↓
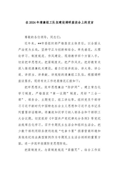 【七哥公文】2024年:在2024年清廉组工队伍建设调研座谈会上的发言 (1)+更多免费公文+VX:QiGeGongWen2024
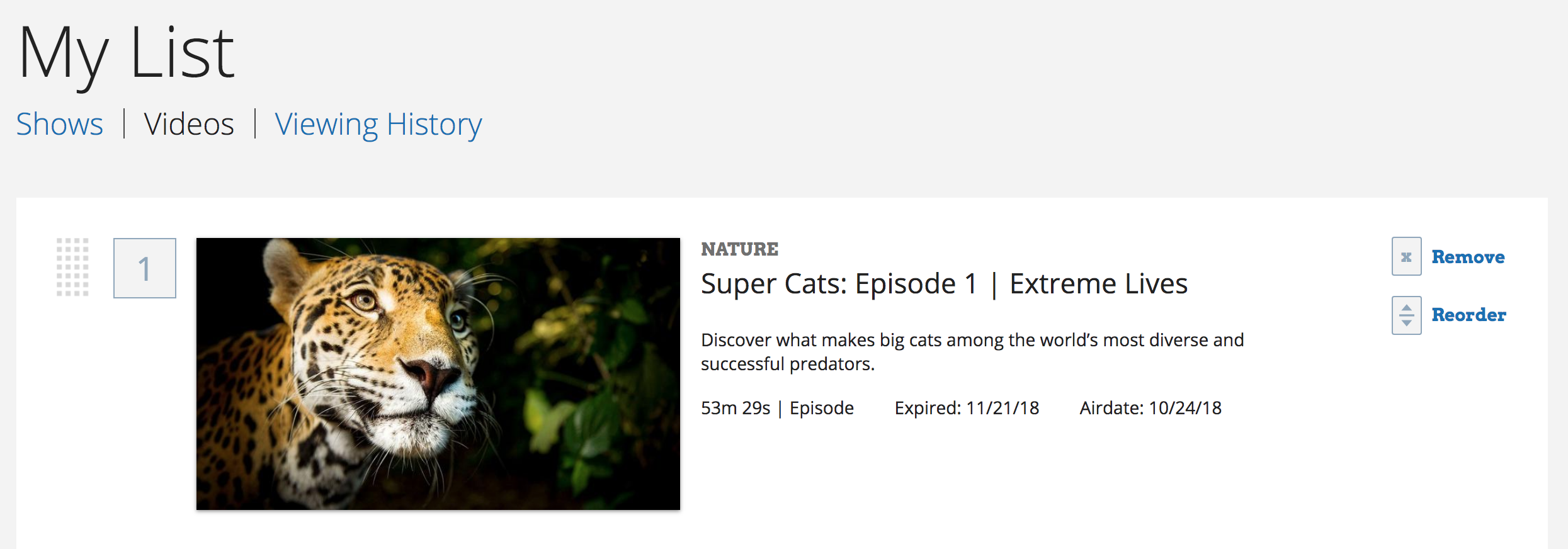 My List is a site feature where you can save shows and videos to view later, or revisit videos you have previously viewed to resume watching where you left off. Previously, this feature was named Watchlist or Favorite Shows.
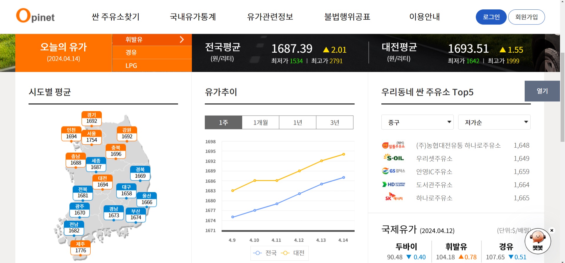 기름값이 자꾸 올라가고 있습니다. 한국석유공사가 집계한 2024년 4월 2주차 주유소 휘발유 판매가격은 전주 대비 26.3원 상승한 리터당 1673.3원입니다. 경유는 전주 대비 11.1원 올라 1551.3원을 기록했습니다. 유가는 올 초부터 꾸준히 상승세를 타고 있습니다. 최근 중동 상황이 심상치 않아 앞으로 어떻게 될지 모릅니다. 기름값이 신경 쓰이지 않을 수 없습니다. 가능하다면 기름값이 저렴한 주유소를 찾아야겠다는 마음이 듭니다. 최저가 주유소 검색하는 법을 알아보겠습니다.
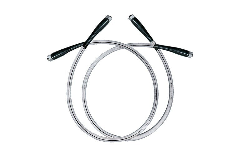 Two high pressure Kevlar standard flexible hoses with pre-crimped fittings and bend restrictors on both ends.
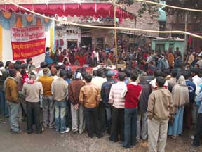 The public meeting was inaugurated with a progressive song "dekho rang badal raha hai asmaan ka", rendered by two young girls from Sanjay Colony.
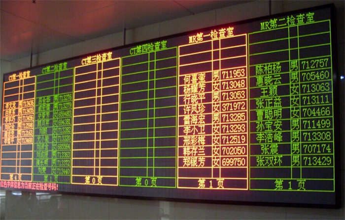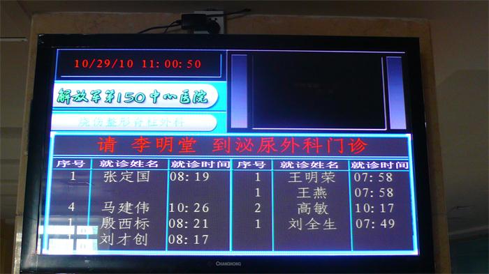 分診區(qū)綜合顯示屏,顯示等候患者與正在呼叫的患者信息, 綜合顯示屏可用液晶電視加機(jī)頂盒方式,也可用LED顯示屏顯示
↑
WHAT IS BEING ASKED
Leave the pictures out and retype only the lines from the line with "Two high pressure" through the final line of the material, both ends included, word for word.

RESULT BELOW
 Two high pressure Kevlar standard flexible hoses with pre-crimped fittings and bend restrictors on both ends.
 The public meeting was inaugurated with a progressive song "dekho rang badal raha hai asmaan ka", rendered by two young girls from Sanjay Colony.
 分診區(qū)綜合顯示屏,顯示等候患者與正在呼叫的患者信息, 綜合顯示屏可用液晶電視加機(jī)頂盒方式,也可用LED顯示屏顯示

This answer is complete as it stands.